Java’s Pattern class and regular expressions

One of the easiest things to get tripped up on is the syntax for creating regular expressions (regex) in Java using the Pattern class. The tl;dr version of how to do things is that you must use double-backslashes in the regular expression Strings you use to create a Pattern object; so something like \b would have to be written as "\\b". Read on for a more thorough explanation.

Double trouble

The key point to understanding the tricky syntax is to realize that when you’re creating a String literal in Java, backslashes are used to form escape sequences as well. Most people are familiar with this concept, when, for example, constructing a String that spans multiple lines:

final String multiline = "A String...\nOn two lines";

When calling Pattern.compile, you pass in a String literal that is the regular expression. However, regular expressions also use the backslash character to begin escape sequences. So, to ensure that the regular expression engine in Pattern gets the correct syntax, you must replace every backslash in your regular expression with two backslashes.
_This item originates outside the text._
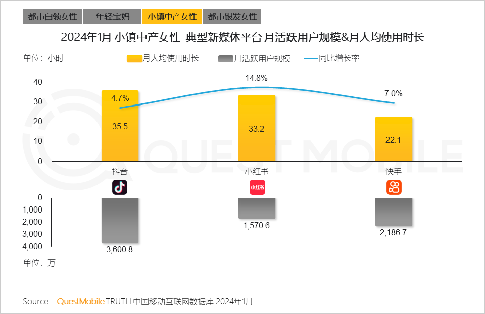 4.2 通过社交媒体分享生活成为一种常态,小镇中产女性在抖音、快手、小红书平台中的使用时长增长

This is to prevent Java from interpreting the single backslash as just a String escape sequence.

Or, put another way, if you wanted a String with the contents "\n", that is a String with a backslash followed by the letter ‘n’, you’d have to define it as:

final String newLineEscapeSequence = "\\n";

This is the gist of it; we need to pass in the preserved backslashes into the Pattern regular expression engine, so you have to create a literal backslash by using a double-backslash in your String literal. This information is in the Pattern Javadoc, but it’s sort of buried beneath loads of regular expression syntax.

Keep this in mind when constructing your regular expressions outside of Java in a tool like RegExr. These principles also apply when using other classes/methods that use Pattern, such as String.split() or Scanner.useDelimiter()

An example

Here’s a simple example where we try to find the word “The” at the beginning of a String, delimited by a word boundary matcher.

public class PatternExample {
  private static final Logger LOGGER =
      Logger.getLogger(PatternExample.class);
  private static final String TEST_STRING =
      "The quick brown fox jumps over the lazy dog";

  public static void main(final String[] args) {
    System.out.println(TEST_STRING);

    final Pattern wordBoundaryWrong = Pattern.compile("^The\b.*");
    Matcher matcher = wordBoundaryWrong.matcher(TEST_STRING);
    LOGGER.debug(matcher.matches()); // false.

    final Pattern wordBoundaryCorrect = Pattern.compile("^The\\b.*");
    matcher = wordBoundaryCorrect.matcher(TEST_STRING);
    LOGGER.debug(matcher.matches()); // true.
  }
}

The key point here is that the word boundary matcher (\b) must be passed in as a String literal of "\\b" so that the backslash is properly interpreted. In the incorrect Pattern, "\b" maps to a backspace character literal.

I think the reason this concept is somewhat tricky is that you have to deal with two levels of escaping – the Java String literal syntax and the Regular Expression syntax.

One Comment »

  1. But there are also those who are not amenable to this kind of treatment such as
    Dr. The rhinoplasty surgeons India enhance the nose by reshaping it
    by using components like cuboids, gristle (fibrous) and
    a couple of fashioned elements as well. First decide on what color you want
    your bathroom to be and add two shades of the same color, one lighter and
    one darker (or one totally different but matching
    color) for accents.

    Take a look at my page: plastic surgery games

Post a Comment

(required)

(will not be published) (required)

XHTML tags allowed: <a href="" title=""> <abbr title=""> <acronym title=""> <b> <blockquote cite=""> <cite> <code> <del datetime=""> <em> <i> <q cite=""> <strike> <strong>

Note: rel="nofollow" will be added to all links in comments.